You can do this before runtime by static analysis, or at runtime by dynamic analysis.
You have only two ways to do this at runtime, and they both amount to instrumenting code:
Instrument the source code
Modify ("instrument") the source code so it keeps track of what you want, e.g., modify
every call site to pass an additional argument effectively containing the calling function name, and every function entry to record the entry to that function (e.g., effectively the called function name) and the calling function name. The instrumentation process needs to build a cross-reference from points that are instrumented, back to source file and line to enable later reporting.

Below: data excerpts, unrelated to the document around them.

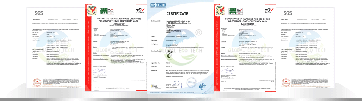 東莞全球環(huán)保科技有限公司總部位于東莞東部地區(qū)、公司致力于全生物降解材料和全生物降解秸稈復合材料的生產(chǎn)研發(fā),專業(yè)提供全生物降解 CCBM系列材科,PBAT、PBS、PLA樹脂及全生物降解膜袋、筒膜、餐具覆膜、阻隔膜、復合包裝膜、衛(wèi)生巾膜等產(chǎn)品。給塑料制造商和消費者提供一站式全品類的解決方案和技術支援。產(chǎn)品已通過德國DIN CERTCO、歐洲TUV公司OK compost HOME認證、國標認證GB/T19277.1-2011:符合歐盟EN13432、美國ASTMD6400、 BPI、澳洲ABA堆肥降解檢測標準,并通過SGS公司檢測的FDA食品接觸安全測試、ROHS有害物質檢測、REACH檢測。我司獲得國家高新技術企業(yè)認證、通過了GRS驗廠并且取得了GRS認證,產(chǎn)品熱銷于歐洲、美國、亞洲等30多個國家。
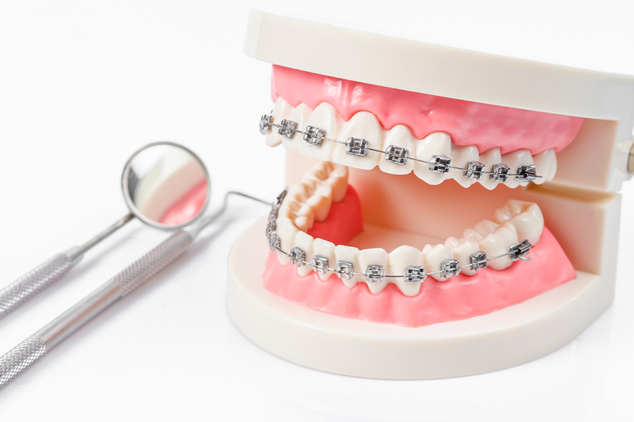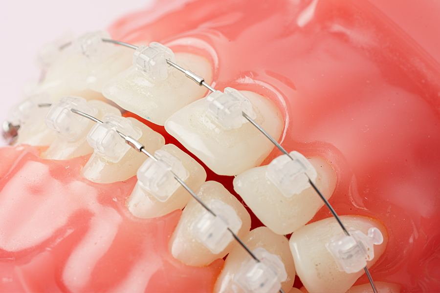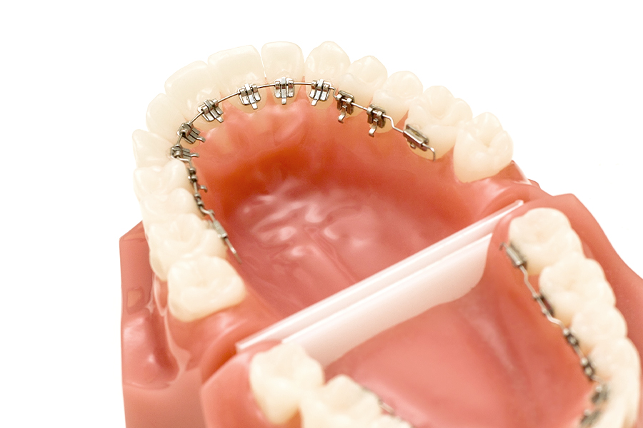 ワイヤーブラケットという器具を歯に接着して歯を動かします。ワイヤーブラケットは、オーソドックスなタイプの矯正装置です。歯面にブラケットと呼ばれる装置を装着し、そこにワイヤーを通して歯を理想の位置に移動させます。
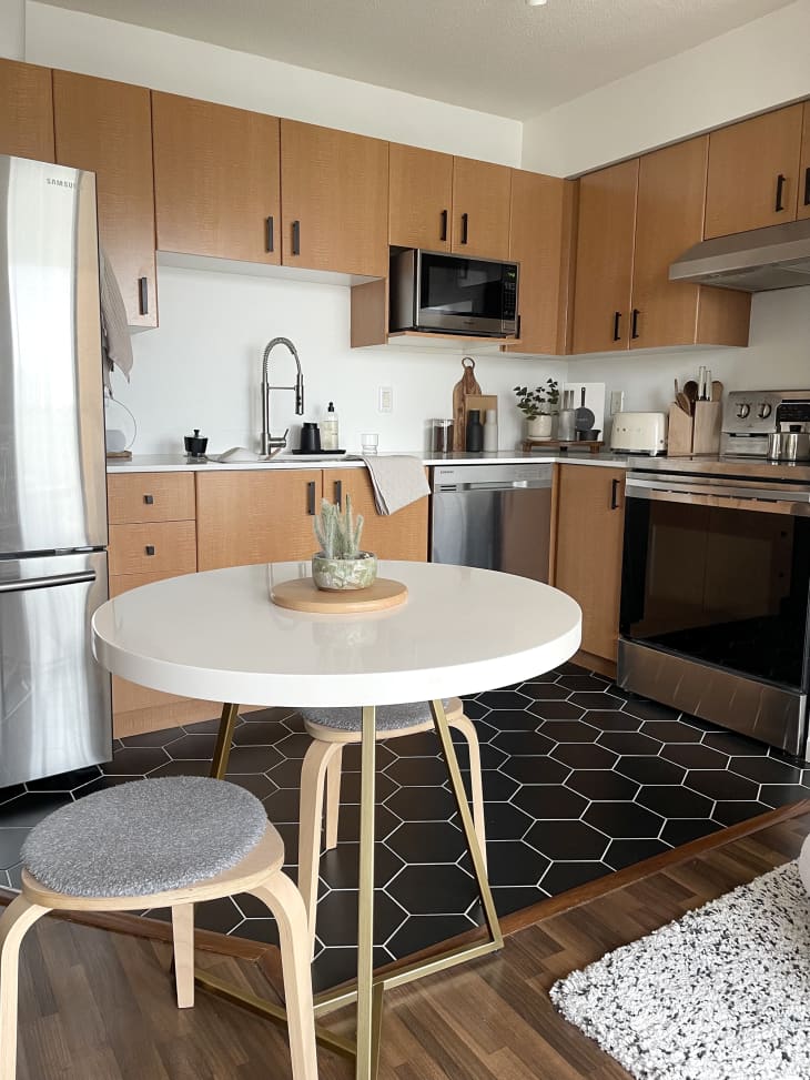 Barisky lives in a 400-square-foot apartment in Vancouver with her fiancé, Rob. “At 400 square feet, it was much smaller than anywhere else I had lived before,” she says. “The bedroom is literally just a room for a bed, and the closet is only three feet wide.” Having to work around the limited square footage was a challenge Barisky gladly accepted, though, and now she actually offers professional space-planning services and shares her ideas with over 90,000 followers on TikTok.
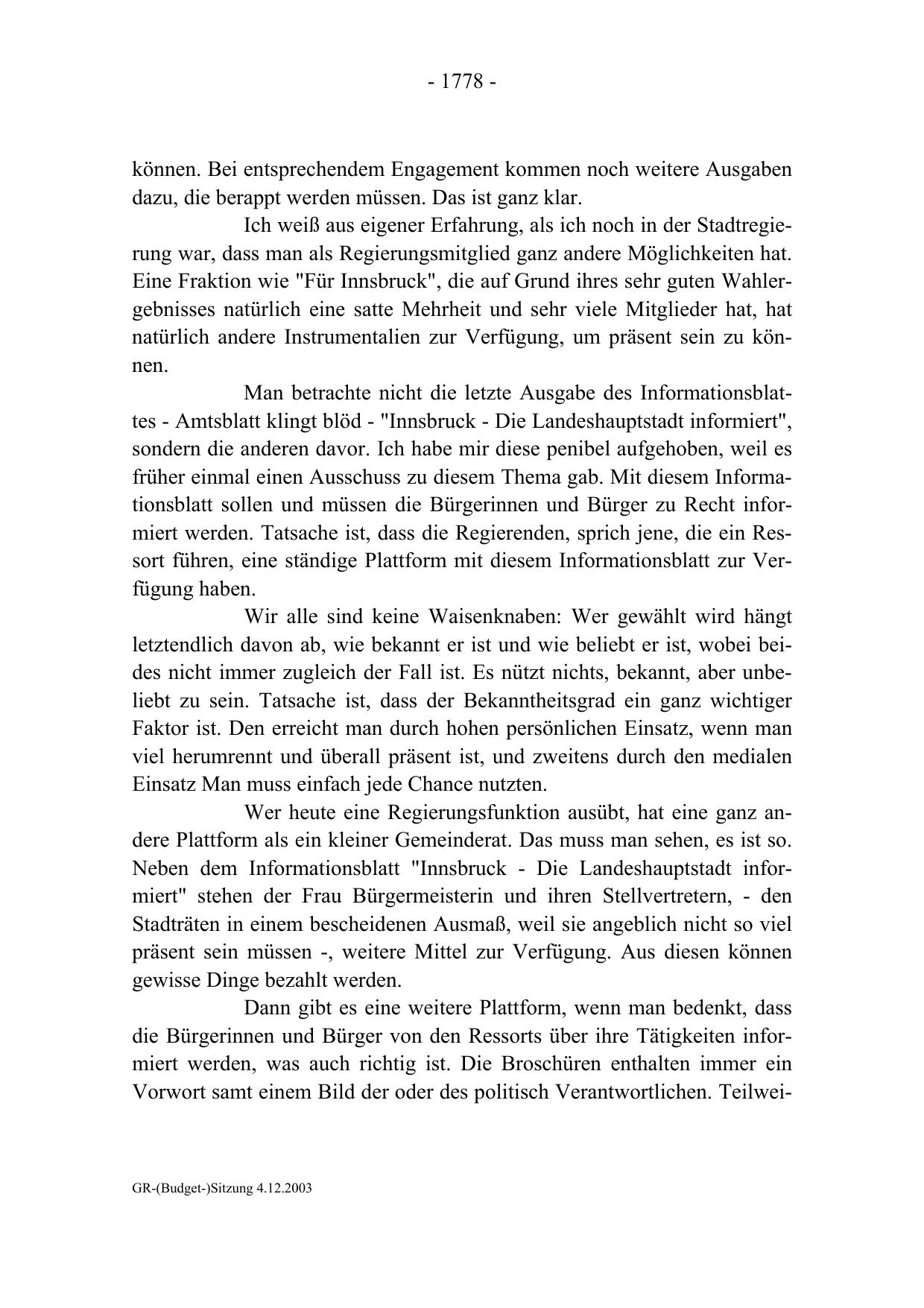 Eine Fraktion wie "Für Innsbruck", die auf Grund ihres sehr guten Wahlergebnisses natürlich eine satte Mehrheit und sehr viele Mitglieder hat, hat

You can do this in a completely automated way by using a Program Transformation System (PTS), which can parse source code to make ASTs, modify the ASTs, and then regenerate source. Often a PTS will let you write the changes as source-level patterns of the form, "if you see this, replace it by that". (No, regexes can't do this).
An extended example of how do this can be found in my technical paper, Branch Coverage for Arbitrary Languages. The paper shows discusses what is in a PTS, and then shows typical instrumentation transformations.
Getting this done "right" for a language like C can be difficult, because you need as a foundation, a full C parser, which is a major technical feat in its own right. Best to get such a beast in completed form (some of the PTS have this, consider Concinnelle or DMS) or you'll never get around to doing the instrumentation part. (Another answer suggests that GCC has much of this instrumentation functionality built-in).
Done reasonably, the execution cost of the additional instrumentation is pretty modest (10-30%). This concept has been used to implement test coverage tools and timing profilers, which operate by tracking the dynamic set of calls, which seems to be exactly what you want.
Instrument the object code
Modify the execution engine that runs the code to keep track of the details you want. Given that you want to do this with C programs, the execution engine is essentially the underlying instruction set.
Since you can't reasonably modify the processor chip itself, you'll have to either:
modify the object code (using object-code equivalents of program transformations, see preceding paragraph for concepts, or see tools like PIN and Valgrind for details of implementation),
or write some kind of clever instruction set interpreter that collects the information it needs as it encounters call-instructions (this is likely to be rather slow, because of its interpretive nature).
Implementing these for real instruction sets is complicated by the instruction sets themselves (Intel's X86 instruction set is huge), object file formats, etc. Don't expect this path to be easier than the source instrumentation path; just expect it to have a different set of problems.
One standard problem is knowing what to instrument; the object code space is full of code (libraries, system routines, ...) that aren't part of the application of interest, and thus aren't interesting to collect test coverage data for. For this, you need a symbol table ( pairs) to tell what is application code, and what is not. You also need to be able to trace from the name to a point in the original source file(s),
in order to report the results.
One other difficulty with object code instrumentation is that it is difficult to tell if a function foo, which has been inlined, has been executed ("covered"). The source instrumentation scheme does not have this problem, because foo gets instrumented before it gets compiled/inlined, so the instrumentation gets inlined too.
Threads
Handling threads is an orthogonal issue. At each place where you record a fact X-calls-Y, you simply attach the thread ID (or its equivalent) T, obtained from the OS, to produce X-calls-Y-in-T. It isn't clear from your question why you want to do this.
Static Analysis
You could decide to skip all the hassles of runtime implementation, and build/get a static analyzer that can produce a call graph. Getting of these for C might be possible using Clang or DMS. Building it yourself is likely difficult; now you need a full C parser, complete data flow and points-to analysis, and call-graph construction. The details won't fit in this paragraph.